Background

Bacteria developed different types of motility, most of them driven by flagella or pili. The molecular processes that regulate motility in bacteria are an active area in research, as they form the basis for dispersion, tactile processes, and virulence in some pathogenic bacteria [1].

The particular type of bacterial swimming varies significantly among bacterial species and depends on the number of flagella and their distribution on the bacterial cell body [2]. The best studied example is the “run and tumble” motility type of Escherichia coli, in which counter clockwise rotation of flagella leads to a run phase, while clockwise rotation leads to a tumbling phase with a random cell rotation [3]. However, in recent years additional motility types were discovered, as the “forward-revers-flick” motility type in Vibrio alginolyticus [4] or the “stop-and-coil” type in Rhodobacter sphaeroides [5].

To study bacterial motility pattern, microscopic monitoring and analysis of single cell motility is required. Manual analysis of motility videos increases the risk of inadvertent cherry picking, as well as being tedious. The application of video tracking software is thus advisable for the quantification of various motility parameters such as the average speed, the length of travel paths, the time of swimming and tumbling, arc-chord ratio, percentage of immotile cells, and preferred direction of travel.

To our knowledge, video tracking software, which can be used for this purpose, have been designed with a high priority on tracking accuracy, as for example TrackMate2 [6], or require additional licences to be used [7].

However, a high accuracy tracking program monitors several parameters per tracked object per frame and can quickly run into hardware limitations, when several hundred objects are simultaneously analysed. Using such programs forces the user to choose between fewer cells per frame or shorter videos in order to be still functional.

We therefore felt the need for an open-source tracking program, which uses only simple parameters for tracking, in order to be able to cope with the large amount of tracked objects for at least 5 minutes. Here, we use the grey value of the bacterium for detection, and the distance between frames for tracking. As the sample size is very large, typically in the range of several hundred bacteria per frame, the loss of tracked objects is less important. After initial tracking, we subsequently filter out questionable data points and tracks in multiple steps.

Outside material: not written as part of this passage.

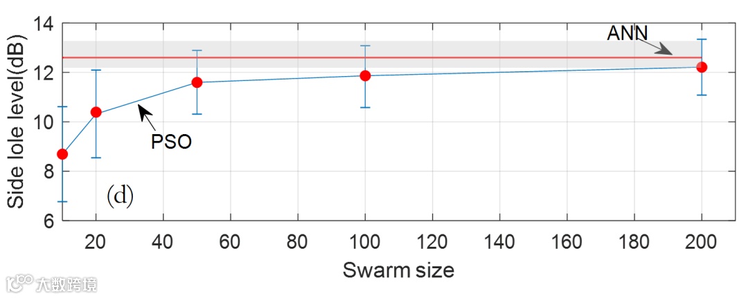 图4. 实验:(a) 校准前器件产生的光束;(b) 经过人工神经网络(ANN)校准后的相控阵的光束;(c) 经过传统迭代算法(PSO)校准后相控阵产生的光束。(d) 神经网络与传统迭代算法(PSO)收敛与偏差特性仿真
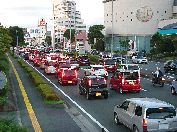 歩道橋を下りて撮影。車4台のナンバープレートは塗りつぶしています。この渋滞は約300 m

We also include the possibility for statistical analysis of the generated data.

Software

File requirements

During the initial setup, YSMR requires various parameters to be set in an automatically generated settings file, “tracking.ini”. The file was created with the idea in mind that it should be simple to set the basic values, but still allow for more in-depth configurations. Basic required settings are pixel per micrometre factor, frames per second, frame dimensions, whether the bacteria are brighter or darker than the background, as well as whether rod shaped or coccoid bacteria are tracked.

In order to take advantage from multi-core CPUs, YSMR is designed to handle a video file per available processor core in parallel. Files can be loaded by specifying them in the file dialog, as arguments for the YSMR function, or by specifying the path in the tracking.ini file. The user has to provide a video file in any format accepted by ffmpeg. We so far successfully tested .wmv, .avi, .mov, .mp4, and .mkv.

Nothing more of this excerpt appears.